> _YOUR OBJECTIVE_:
No pictures, please. Output the lines from the start of the data through the line that contains "餐客厅一体化设计,客厅开间约", both included, exactly as they stand.

╭─ RECORDS FOR THIS TASK

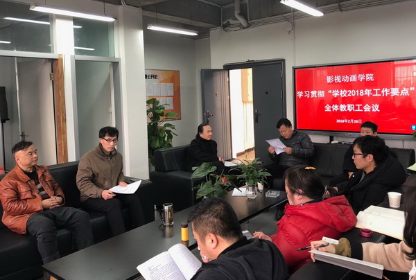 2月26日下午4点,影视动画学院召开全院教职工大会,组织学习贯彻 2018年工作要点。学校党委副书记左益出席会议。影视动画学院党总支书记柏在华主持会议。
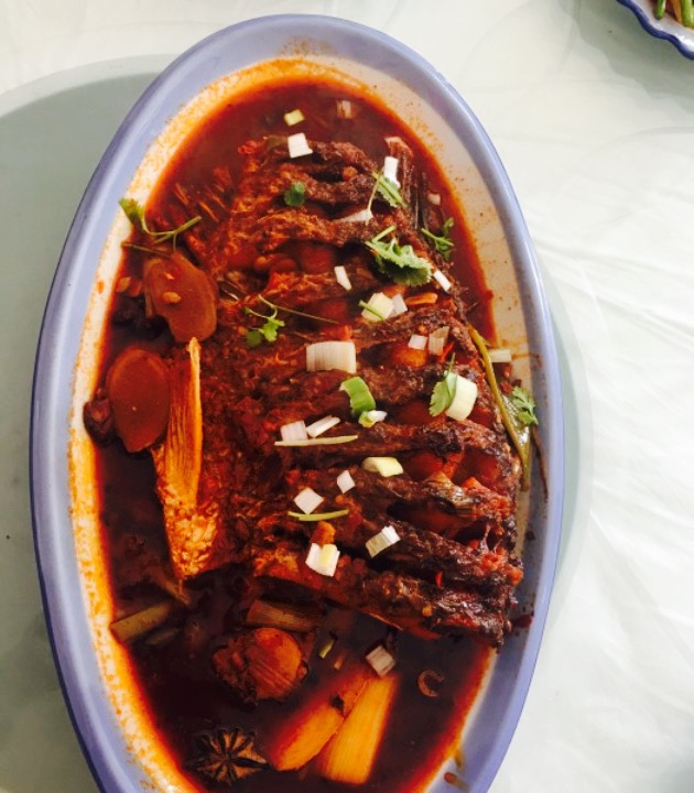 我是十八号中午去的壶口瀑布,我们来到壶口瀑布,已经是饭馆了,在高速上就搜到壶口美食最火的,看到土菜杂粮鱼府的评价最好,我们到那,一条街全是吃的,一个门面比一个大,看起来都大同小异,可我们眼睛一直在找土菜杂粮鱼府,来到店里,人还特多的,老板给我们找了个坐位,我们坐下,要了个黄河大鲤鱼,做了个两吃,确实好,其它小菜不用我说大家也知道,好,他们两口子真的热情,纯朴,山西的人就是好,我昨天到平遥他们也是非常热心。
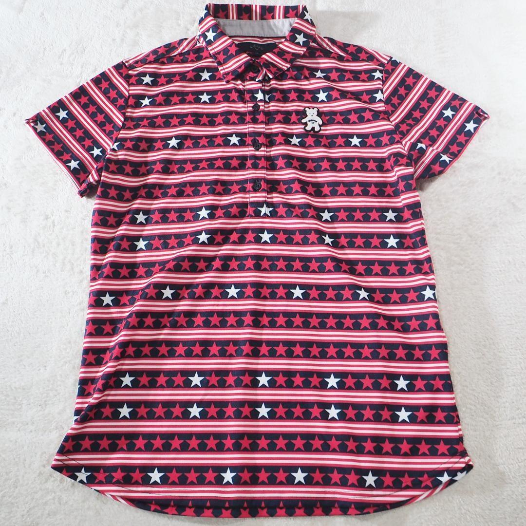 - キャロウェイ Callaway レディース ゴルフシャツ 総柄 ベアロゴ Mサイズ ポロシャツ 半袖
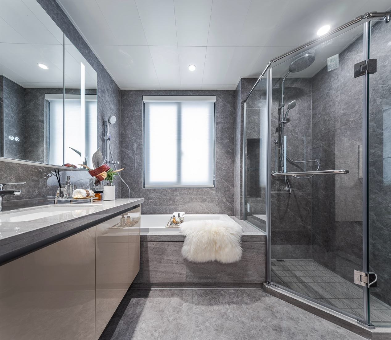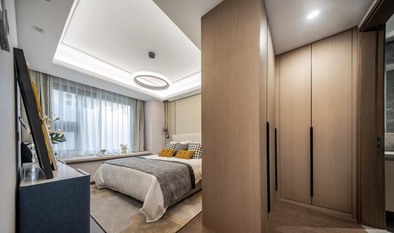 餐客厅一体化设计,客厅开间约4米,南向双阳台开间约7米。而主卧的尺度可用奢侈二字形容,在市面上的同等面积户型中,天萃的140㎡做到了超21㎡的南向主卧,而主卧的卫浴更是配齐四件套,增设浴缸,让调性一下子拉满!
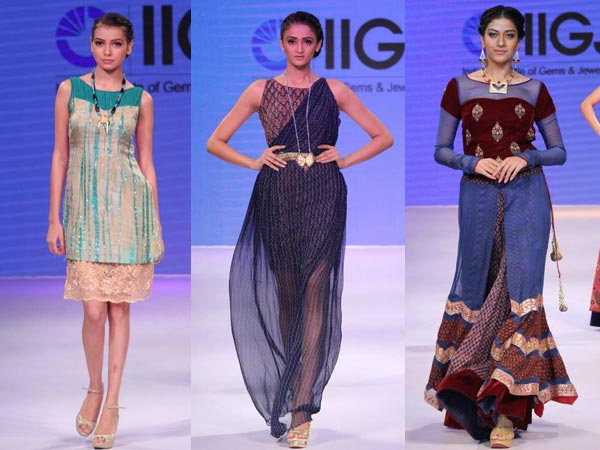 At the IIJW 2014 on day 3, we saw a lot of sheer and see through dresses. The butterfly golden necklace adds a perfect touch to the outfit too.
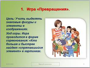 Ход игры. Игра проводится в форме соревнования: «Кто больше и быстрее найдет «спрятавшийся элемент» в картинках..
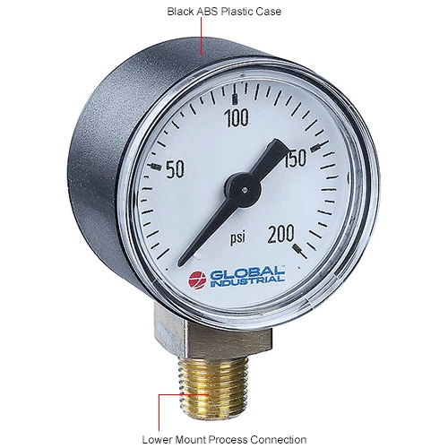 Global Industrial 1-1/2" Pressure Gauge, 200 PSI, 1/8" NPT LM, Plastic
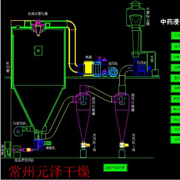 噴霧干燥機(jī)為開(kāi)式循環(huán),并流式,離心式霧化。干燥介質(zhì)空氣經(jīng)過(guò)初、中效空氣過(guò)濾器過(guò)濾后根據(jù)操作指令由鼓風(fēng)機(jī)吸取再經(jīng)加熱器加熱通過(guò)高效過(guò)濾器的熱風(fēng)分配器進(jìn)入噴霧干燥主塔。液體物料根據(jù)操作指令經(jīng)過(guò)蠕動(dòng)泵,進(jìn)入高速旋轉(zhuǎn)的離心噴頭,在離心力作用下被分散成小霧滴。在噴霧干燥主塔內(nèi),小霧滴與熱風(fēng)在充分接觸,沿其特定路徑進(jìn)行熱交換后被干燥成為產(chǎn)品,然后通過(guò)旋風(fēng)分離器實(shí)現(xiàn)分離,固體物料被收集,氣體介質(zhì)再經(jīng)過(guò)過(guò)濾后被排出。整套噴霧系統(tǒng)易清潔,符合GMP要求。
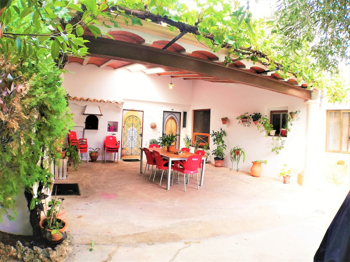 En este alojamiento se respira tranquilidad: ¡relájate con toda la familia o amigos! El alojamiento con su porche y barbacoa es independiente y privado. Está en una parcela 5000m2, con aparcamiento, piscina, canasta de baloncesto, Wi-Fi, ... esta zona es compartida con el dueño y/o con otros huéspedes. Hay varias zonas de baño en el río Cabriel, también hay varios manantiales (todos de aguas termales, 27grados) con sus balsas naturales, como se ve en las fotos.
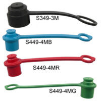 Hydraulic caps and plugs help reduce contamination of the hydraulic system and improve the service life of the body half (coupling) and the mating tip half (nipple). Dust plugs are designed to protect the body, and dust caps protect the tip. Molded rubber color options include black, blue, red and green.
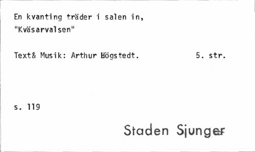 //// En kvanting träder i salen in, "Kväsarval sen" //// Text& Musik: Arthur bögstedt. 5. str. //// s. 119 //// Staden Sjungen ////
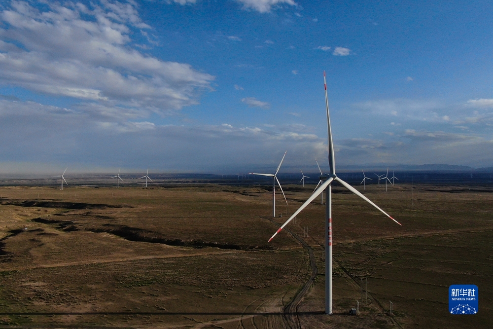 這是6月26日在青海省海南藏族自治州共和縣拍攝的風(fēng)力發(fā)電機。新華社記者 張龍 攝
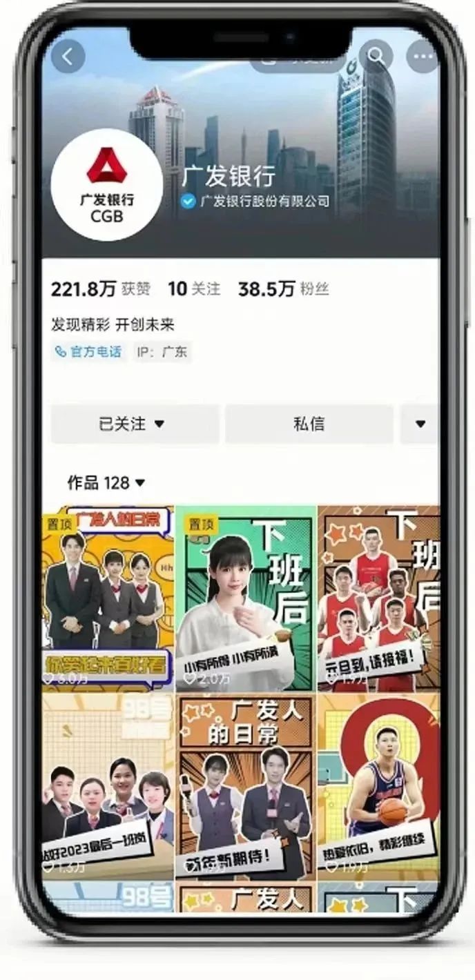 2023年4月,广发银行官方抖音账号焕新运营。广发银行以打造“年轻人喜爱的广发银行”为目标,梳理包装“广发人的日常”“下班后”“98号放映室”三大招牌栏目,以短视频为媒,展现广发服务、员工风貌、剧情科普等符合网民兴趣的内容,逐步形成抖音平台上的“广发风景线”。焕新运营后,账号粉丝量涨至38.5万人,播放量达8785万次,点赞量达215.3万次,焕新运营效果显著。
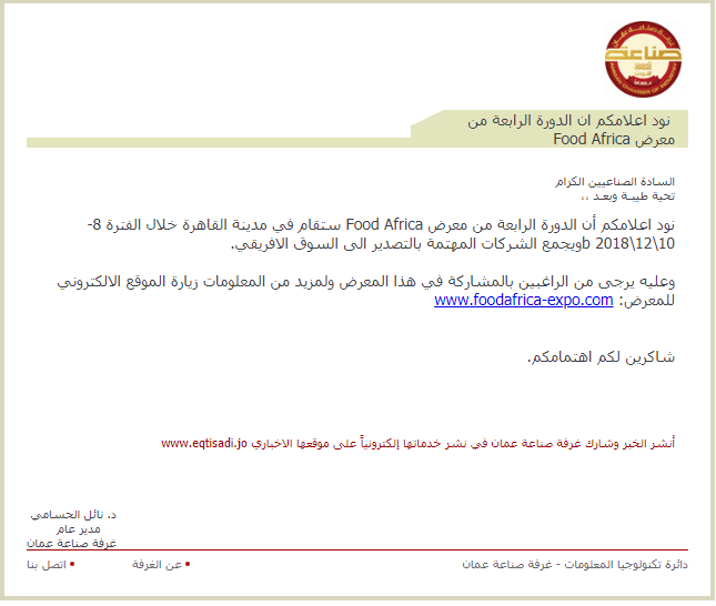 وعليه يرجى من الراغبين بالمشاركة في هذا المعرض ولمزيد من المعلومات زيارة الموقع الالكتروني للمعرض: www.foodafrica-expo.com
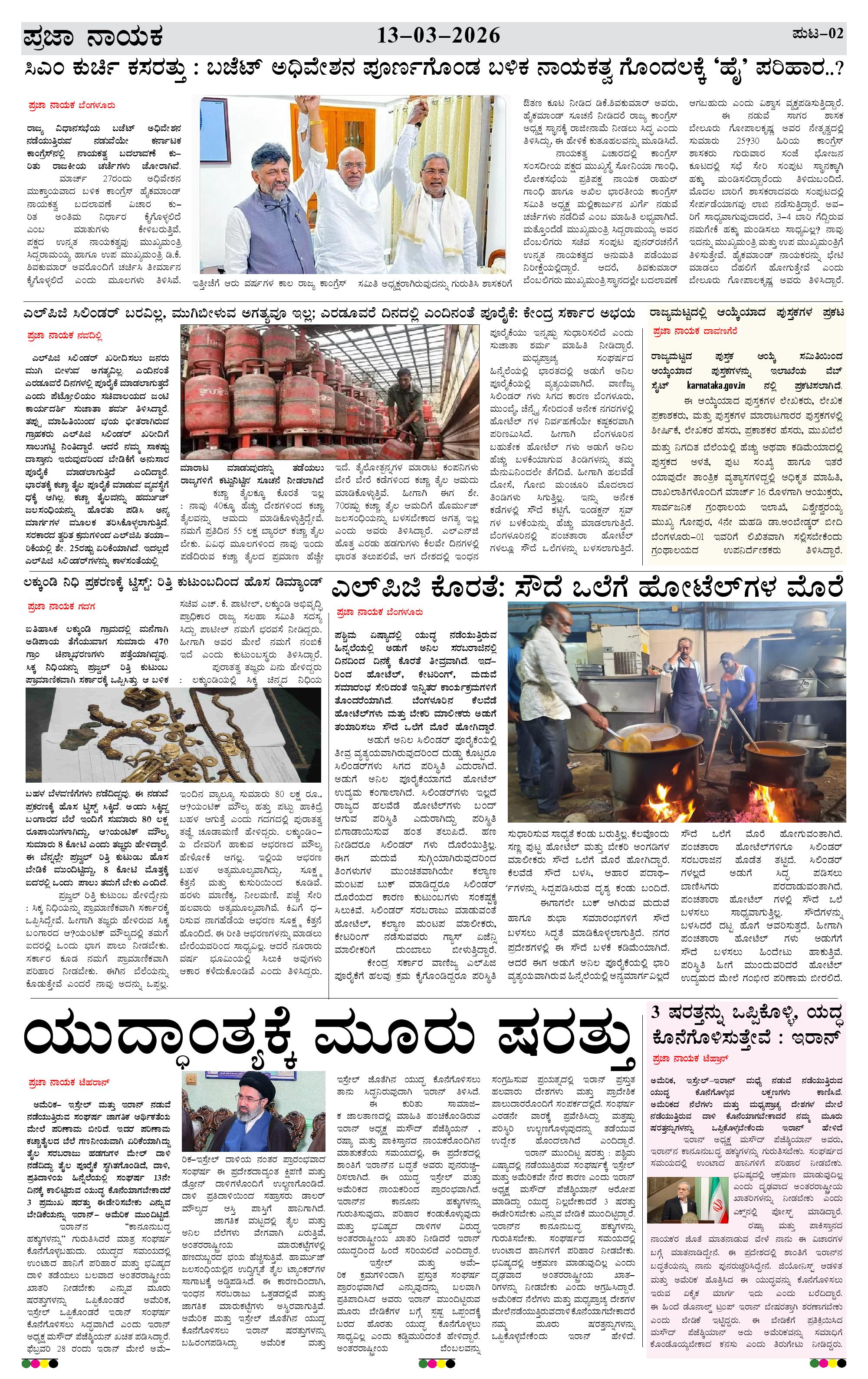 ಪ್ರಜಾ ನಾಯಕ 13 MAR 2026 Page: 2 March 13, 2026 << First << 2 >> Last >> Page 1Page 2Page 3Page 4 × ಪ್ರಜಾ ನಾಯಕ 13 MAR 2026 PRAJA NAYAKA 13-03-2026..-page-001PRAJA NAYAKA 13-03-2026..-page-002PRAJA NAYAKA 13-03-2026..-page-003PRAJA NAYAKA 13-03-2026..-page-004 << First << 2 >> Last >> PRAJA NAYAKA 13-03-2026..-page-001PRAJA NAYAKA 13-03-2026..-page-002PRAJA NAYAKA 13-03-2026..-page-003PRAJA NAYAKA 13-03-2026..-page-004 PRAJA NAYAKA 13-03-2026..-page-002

╰─

> _RESPONSE AREA_:
 2月26日下午4点,影视动画学院召开全院教职工大会,组织学习贯彻 2018年工作要点。学校党委副书记左益出席会议。影视动画学院党总支书记柏在华主持会议。
 我是十八号中午去的壶口瀑布,我们来到壶口瀑布,已经是饭馆了,在高速上就搜到壶口美食最火的,看到土菜杂粮鱼府的评价最好,我们到那,一条街全是吃的,一个门面比一个大,看起来都大同小异,可我们眼睛一直在找土菜杂粮鱼府,来到店里,人还特多的,老板给我们找了个坐位,我们坐下,要了个黄河大鲤鱼,做了个两吃,确实好,其它小菜不用我说大家也知道,好,他们两口子真的热情,纯朴,山西的人就是好,我昨天到平遥他们也是非常热心。
 - キャロウェイ Callaway レディース ゴルフシャツ 総柄 ベアロゴ Mサイズ ポロシャツ 半袖
 餐客厅一体化设计,客厅开间约4米,南向双阳台开间约7米。而主卧的尺度可用奢侈二字形容,在市面上的同等面积户型中,天萃的140㎡做到了超21㎡的南向主卧,而主卧的卫浴更是配齐四件套,增设浴缸,让调性一下子拉满!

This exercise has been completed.